» YOUR TASK
For the data that follows, print the line with "Парасимпатический отдел вегетативной", the line with "Plötzlich öffnet sich", and all lines between them, exactly as they stand. Omit pictures and add nothing.

» MATERIALS PROVIDED
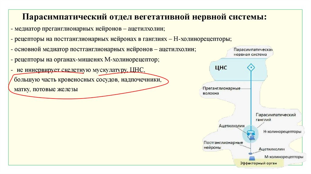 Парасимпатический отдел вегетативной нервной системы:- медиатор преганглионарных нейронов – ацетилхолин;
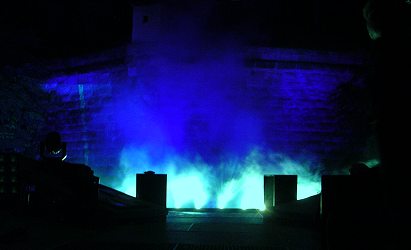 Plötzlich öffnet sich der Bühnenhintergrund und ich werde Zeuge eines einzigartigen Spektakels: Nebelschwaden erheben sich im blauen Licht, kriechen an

* * *

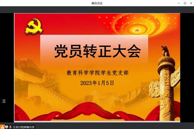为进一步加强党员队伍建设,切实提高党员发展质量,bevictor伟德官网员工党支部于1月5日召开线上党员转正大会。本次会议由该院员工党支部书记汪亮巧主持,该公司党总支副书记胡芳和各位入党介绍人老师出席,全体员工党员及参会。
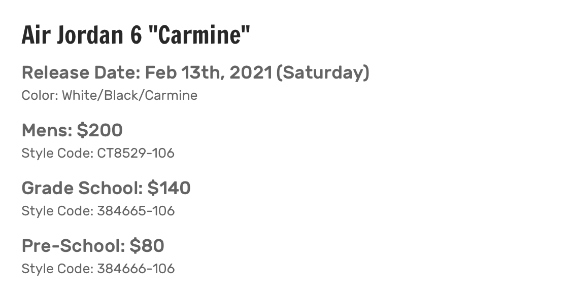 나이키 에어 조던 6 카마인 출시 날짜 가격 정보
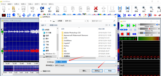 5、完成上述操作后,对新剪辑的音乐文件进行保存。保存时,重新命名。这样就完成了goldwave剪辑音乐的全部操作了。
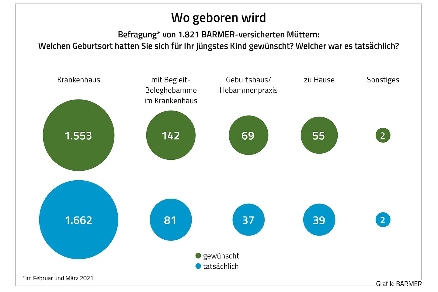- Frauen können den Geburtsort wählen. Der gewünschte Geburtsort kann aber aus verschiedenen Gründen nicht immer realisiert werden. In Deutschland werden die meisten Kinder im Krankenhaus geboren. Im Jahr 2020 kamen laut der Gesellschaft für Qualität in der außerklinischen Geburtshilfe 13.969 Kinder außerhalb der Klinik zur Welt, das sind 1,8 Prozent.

» RESPONSE BOX
 Парасимпатический отдел вегетативной нервной системы:- медиатор преганглионарных нейронов – ацетилхолин;
 Plötzlich öffnet sich der Bühnenhintergrund und ich werde Zeuge eines einzigartigen Spektakels: Nebelschwaden erheben sich im blauen Licht, kriechen an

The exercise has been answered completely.